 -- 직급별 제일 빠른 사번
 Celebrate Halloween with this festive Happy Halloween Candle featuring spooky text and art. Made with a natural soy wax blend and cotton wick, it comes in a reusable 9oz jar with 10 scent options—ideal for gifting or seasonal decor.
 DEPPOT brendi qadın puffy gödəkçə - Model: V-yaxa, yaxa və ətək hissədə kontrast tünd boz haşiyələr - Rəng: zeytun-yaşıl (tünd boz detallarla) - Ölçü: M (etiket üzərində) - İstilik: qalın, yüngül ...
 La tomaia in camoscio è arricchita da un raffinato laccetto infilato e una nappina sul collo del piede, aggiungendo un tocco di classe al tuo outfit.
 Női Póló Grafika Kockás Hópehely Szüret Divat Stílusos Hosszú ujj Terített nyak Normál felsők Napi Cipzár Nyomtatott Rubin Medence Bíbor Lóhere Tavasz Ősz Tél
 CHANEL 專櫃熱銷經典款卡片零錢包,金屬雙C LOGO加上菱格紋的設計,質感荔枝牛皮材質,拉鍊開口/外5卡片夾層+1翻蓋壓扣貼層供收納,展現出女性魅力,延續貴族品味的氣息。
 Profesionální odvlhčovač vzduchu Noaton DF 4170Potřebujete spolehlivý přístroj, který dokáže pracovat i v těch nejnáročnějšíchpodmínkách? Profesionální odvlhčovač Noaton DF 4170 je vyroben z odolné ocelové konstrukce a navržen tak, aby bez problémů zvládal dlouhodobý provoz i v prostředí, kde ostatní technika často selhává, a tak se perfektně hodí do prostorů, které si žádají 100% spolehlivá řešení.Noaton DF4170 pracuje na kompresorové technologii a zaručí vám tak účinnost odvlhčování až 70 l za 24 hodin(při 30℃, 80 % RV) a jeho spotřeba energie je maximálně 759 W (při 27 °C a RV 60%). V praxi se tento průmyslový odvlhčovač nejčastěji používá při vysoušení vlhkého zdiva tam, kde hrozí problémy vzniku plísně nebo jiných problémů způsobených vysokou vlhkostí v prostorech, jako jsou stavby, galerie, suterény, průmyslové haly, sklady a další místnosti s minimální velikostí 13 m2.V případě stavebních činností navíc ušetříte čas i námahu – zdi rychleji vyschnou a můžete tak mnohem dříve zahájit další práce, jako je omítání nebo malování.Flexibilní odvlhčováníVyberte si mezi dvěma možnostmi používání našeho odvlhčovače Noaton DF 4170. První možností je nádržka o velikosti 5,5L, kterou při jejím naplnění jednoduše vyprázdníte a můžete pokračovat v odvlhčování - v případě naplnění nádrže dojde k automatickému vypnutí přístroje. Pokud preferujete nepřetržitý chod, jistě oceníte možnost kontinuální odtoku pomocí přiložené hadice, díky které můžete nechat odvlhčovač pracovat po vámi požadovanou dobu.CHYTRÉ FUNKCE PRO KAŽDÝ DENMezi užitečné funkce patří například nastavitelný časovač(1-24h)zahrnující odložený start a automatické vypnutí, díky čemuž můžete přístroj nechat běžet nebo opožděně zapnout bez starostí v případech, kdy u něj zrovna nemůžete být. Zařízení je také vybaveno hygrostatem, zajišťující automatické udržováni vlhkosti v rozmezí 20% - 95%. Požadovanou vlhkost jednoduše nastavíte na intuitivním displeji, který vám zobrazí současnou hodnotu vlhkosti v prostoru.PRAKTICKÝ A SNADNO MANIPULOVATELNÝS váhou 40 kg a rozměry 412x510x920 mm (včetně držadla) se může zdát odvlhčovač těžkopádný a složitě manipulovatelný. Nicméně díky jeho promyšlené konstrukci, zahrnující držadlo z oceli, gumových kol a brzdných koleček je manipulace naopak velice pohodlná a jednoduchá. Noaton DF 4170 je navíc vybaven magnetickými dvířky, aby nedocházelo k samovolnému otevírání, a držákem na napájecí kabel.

:::::

*What you have to do*
Word for word, every record must be given again.

*Task solution*
 -- 직급별 제일 빠른 사번
 Celebrate Halloween with this festive Happy Halloween Candle featuring spooky text and art. Made with a natural soy wax blend and cotton wick, it comes in a reusable 9oz jar with 10 scent options—ideal for gifting or seasonal decor.
 DEPPOT brendi qadın puffy gödəkçə - Model: V-yaxa, yaxa və ətək hissədə kontrast tünd boz haşiyələr - Rəng: zeytun-yaşıl (tünd boz detallarla) - Ölçü: M (etiket üzərində) - İstilik: qalın, yüngül ...
 La tomaia in camoscio è arricchita da un raffinato laccetto infilato e una nappina sul collo del piede, aggiungendo un tocco di classe al tuo outfit.
 Női Póló Grafika Kockás Hópehely Szüret Divat Stílusos Hosszú ujj Terített nyak Normál felsők Napi Cipzár Nyomtatott Rubin Medence Bíbor Lóhere Tavasz Ősz Tél
 CHANEL 專櫃熱銷經典款卡片零錢包,金屬雙C LOGO加上菱格紋的設計,質感荔枝牛皮材質,拉鍊開口/外5卡片夾層+1翻蓋壓扣貼層供收納,展現出女性魅力,延續貴族品味的氣息。
 Profesionální odvlhčovač vzduchu Noaton DF 4170Potřebujete spolehlivý přístroj, který dokáže pracovat i v těch nejnáročnějšíchpodmínkách? Profesionální odvlhčovač Noaton DF 4170 je vyroben z odolné ocelové konstrukce a navržen tak, aby bez problémů zvládal dlouhodobý provoz i v prostředí, kde ostatní technika často selhává, a tak se perfektně hodí do prostorů, které si žádají 100% spolehlivá řešení.Noaton DF4170 pracuje na kompresorové technologii a zaručí vám tak účinnost odvlhčování až 70 l za 24 hodin(při 30℃, 80 % RV) a jeho spotřeba energie je maximálně 759 W (při 27 °C a RV 60%). V praxi se tento průmyslový odvlhčovač nejčastěji používá při vysoušení vlhkého zdiva tam, kde hrozí problémy vzniku plísně nebo jiných problémů způsobených vysokou vlhkostí v prostorech, jako jsou stavby, galerie, suterény, průmyslové haly, sklady a další místnosti s minimální velikostí 13 m2.V případě stavebních činností navíc ušetříte čas i námahu – zdi rychleji vyschnou a můžete tak mnohem dříve zahájit další práce, jako je omítání nebo malování.Flexibilní odvlhčováníVyberte si mezi dvěma možnostmi používání našeho odvlhčovače Noaton DF 4170. První možností je nádržka o velikosti 5,5L, kterou při jejím naplnění jednoduše vyprázdníte a můžete pokračovat v odvlhčování - v případě naplnění nádrže dojde k automatickému vypnutí přístroje. Pokud preferujete nepřetržitý chod, jistě oceníte možnost kontinuální odtoku pomocí přiložené hadice, díky které můžete nechat odvlhčovač pracovat po vámi požadovanou dobu.CHYTRÉ FUNKCE PRO KAŽDÝ DENMezi užitečné funkce patří například nastavitelný časovač(1-24h)zahrnující odložený start a automatické vypnutí, díky čemuž můžete přístroj nechat běžet nebo opožděně zapnout bez starostí v případech, kdy u něj zrovna nemůžete být. Zařízení je také vybaveno hygrostatem, zajišťující automatické udržováni vlhkosti v rozmezí 20% - 95%. Požadovanou vlhkost jednoduše nastavíte na intuitivním displeji, který vám zobrazí současnou hodnotu vlhkosti v prostoru.PRAKTICKÝ A SNADNO MANIPULOVATELNÝS váhou 40 kg a rozměry 412x510x920 mm (včetně držadla) se může zdát odvlhčovač těžkopádný a složitě manipulovatelný. Nicméně díky jeho promyšlené konstrukci, zahrnující držadlo z oceli, gumových kol a brzdných koleček je manipulace naopak velice pohodlná a jednoduchá. Noaton DF 4170 je navíc vybaven magnetickými dvířky, aby nedocházelo k samovolnému otevírání, a držákem na napájecí kabel.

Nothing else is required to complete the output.